- DATA SHOWN:
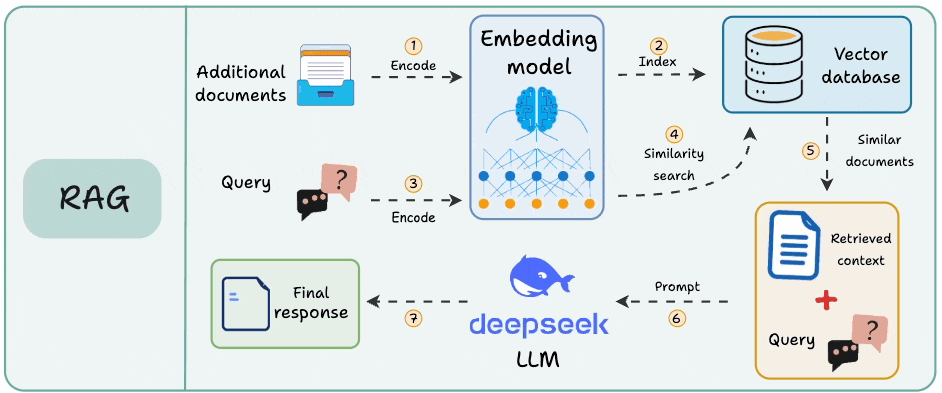 A user asks a question, it flows through multiple components, and eventually, a response comes out.
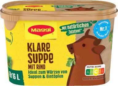 Die Maggi Klare Fleisch Suppe mit Rindsgeschmack ist schnell löslich, hat einen herzhaft-kräftigen Geschmack und enthält natürliche Zutaten. Mit einer Vorratsdose kannst du viele köstliche Gerichte zubereiten. Weitere Rezeptideen findest du auf maggi.de.
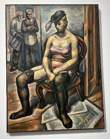 The most curious painting in the exhibition is “American Breadwinner” undated but likely from the 1930s. A woman in her underwear with garters and stockings is slumped into a chair. Her arms are folded concealing but drawing attention to her genitals. She wears what the catalog notes as an Empress Eugenie hat, a form of derby with a feather draping forward. What may be her parents are off to the side. Plausibly they may be the beneficiaries of her sex work during the Great Depression.

- WORK TASK: What you give back should be exactly the lines from the top of the data above down to and including the line with "Die Maggi Klare", minus any pictures.

- OUTPUT FOR THIS EXERCISE:
 A user asks a question, it flows through multiple components, and eventually, a response comes out.
 Die Maggi Klare Fleisch Suppe mit Rindsgeschmack ist schnell löslich, hat einen herzhaft-kräftigen Geschmack und enthält natürliche Zutaten. Mit einer Vorratsdose kannst du viele köstliche Gerichte zubereiten. Weitere Rezeptideen findest du auf maggi.de.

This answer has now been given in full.